═════ Extracted material ═════

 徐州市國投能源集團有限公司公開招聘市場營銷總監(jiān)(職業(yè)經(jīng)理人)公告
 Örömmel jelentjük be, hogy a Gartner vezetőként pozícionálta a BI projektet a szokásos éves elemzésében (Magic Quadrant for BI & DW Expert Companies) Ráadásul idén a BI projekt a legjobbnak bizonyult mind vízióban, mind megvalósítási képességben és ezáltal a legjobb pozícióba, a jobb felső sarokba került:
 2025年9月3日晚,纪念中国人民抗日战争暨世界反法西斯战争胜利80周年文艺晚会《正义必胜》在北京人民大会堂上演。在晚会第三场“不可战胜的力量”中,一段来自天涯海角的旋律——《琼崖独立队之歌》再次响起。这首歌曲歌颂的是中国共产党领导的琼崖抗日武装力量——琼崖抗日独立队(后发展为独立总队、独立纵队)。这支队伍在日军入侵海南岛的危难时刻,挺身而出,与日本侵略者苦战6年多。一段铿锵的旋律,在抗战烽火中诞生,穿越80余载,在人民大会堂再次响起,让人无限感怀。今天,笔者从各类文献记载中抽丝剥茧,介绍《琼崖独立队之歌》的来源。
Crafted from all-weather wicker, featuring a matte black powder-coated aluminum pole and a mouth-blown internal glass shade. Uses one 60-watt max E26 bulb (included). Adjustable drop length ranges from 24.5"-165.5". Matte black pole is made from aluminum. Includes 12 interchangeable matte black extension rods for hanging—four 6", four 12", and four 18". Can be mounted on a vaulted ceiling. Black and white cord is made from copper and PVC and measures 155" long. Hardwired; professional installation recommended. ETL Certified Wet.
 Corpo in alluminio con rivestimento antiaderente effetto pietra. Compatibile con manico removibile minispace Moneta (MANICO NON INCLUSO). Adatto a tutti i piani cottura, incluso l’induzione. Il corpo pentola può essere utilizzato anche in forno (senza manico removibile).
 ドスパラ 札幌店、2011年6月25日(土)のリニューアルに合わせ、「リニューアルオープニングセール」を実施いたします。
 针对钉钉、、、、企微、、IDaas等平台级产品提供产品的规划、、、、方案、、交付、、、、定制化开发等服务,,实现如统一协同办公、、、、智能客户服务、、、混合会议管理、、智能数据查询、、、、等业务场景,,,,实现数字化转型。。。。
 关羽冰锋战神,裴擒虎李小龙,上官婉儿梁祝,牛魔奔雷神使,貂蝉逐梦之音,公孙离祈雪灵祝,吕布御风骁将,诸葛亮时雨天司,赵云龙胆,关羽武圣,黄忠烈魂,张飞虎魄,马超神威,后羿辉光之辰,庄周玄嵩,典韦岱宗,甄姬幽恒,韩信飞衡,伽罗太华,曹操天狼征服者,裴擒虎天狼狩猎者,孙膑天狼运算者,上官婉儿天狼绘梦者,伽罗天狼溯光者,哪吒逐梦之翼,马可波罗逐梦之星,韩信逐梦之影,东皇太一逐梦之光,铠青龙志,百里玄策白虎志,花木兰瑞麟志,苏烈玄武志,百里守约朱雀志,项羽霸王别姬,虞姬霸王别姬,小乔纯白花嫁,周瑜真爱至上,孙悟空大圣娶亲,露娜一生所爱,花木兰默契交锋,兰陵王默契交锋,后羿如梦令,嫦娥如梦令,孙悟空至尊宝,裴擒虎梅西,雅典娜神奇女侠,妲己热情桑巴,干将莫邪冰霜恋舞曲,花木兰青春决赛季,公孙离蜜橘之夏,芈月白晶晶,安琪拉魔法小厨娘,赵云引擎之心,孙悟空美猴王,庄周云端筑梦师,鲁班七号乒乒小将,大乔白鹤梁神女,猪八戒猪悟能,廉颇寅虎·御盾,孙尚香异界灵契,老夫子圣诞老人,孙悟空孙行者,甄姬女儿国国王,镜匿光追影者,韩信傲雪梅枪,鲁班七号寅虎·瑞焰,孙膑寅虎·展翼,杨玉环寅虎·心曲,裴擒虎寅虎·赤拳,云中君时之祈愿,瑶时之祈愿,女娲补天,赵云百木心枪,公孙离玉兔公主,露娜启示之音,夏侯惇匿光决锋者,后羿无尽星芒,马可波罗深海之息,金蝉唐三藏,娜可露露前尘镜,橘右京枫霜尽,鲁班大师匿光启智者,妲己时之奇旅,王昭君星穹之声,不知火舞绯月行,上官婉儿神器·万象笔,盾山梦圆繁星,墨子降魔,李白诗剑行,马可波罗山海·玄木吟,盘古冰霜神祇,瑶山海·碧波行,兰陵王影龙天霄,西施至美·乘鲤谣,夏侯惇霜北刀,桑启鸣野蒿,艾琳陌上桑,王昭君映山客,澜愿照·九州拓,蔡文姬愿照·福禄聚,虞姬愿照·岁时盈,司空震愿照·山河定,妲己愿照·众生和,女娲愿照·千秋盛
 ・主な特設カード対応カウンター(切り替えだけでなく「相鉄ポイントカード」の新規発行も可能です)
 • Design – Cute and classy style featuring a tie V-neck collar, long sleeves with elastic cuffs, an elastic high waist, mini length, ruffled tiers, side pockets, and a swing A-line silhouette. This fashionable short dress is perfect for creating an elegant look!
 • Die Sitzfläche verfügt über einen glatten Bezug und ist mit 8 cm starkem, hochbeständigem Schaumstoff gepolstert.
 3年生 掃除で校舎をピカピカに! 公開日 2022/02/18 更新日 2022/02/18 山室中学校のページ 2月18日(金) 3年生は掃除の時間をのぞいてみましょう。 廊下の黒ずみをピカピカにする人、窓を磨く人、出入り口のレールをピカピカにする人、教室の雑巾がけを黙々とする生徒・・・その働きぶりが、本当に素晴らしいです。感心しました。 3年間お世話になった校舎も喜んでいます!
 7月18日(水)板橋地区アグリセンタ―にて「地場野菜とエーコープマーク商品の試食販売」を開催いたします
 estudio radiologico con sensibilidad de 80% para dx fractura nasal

═════

_Problem to solve:_ From the data above, return every line from the line that has "3年生 掃除で校舎をピカピカに! 公開日" up to and including the line that has "7月18日(水)板橋地区アグ", exactly.

_Finished task:_
 3年生 掃除で校舎をピカピカに! 公開日 2022/02/18 更新日 2022/02/18 山室中学校のページ 2月18日(金) 3年生は掃除の時間をのぞいてみましょう。 廊下の黒ずみをピカピカにする人、窓を磨く人、出入り口のレールをピカピカにする人、教室の雑巾がけを黙々とする生徒・・・その働きぶりが、本当に素晴らしいです。感心しました。 3年間お世話になった校舎も喜んでいます!
 7月18日(水)板橋地区アグリセンタ―にて「地場野菜とエーコープマーク商品の試食販売」を開催いたします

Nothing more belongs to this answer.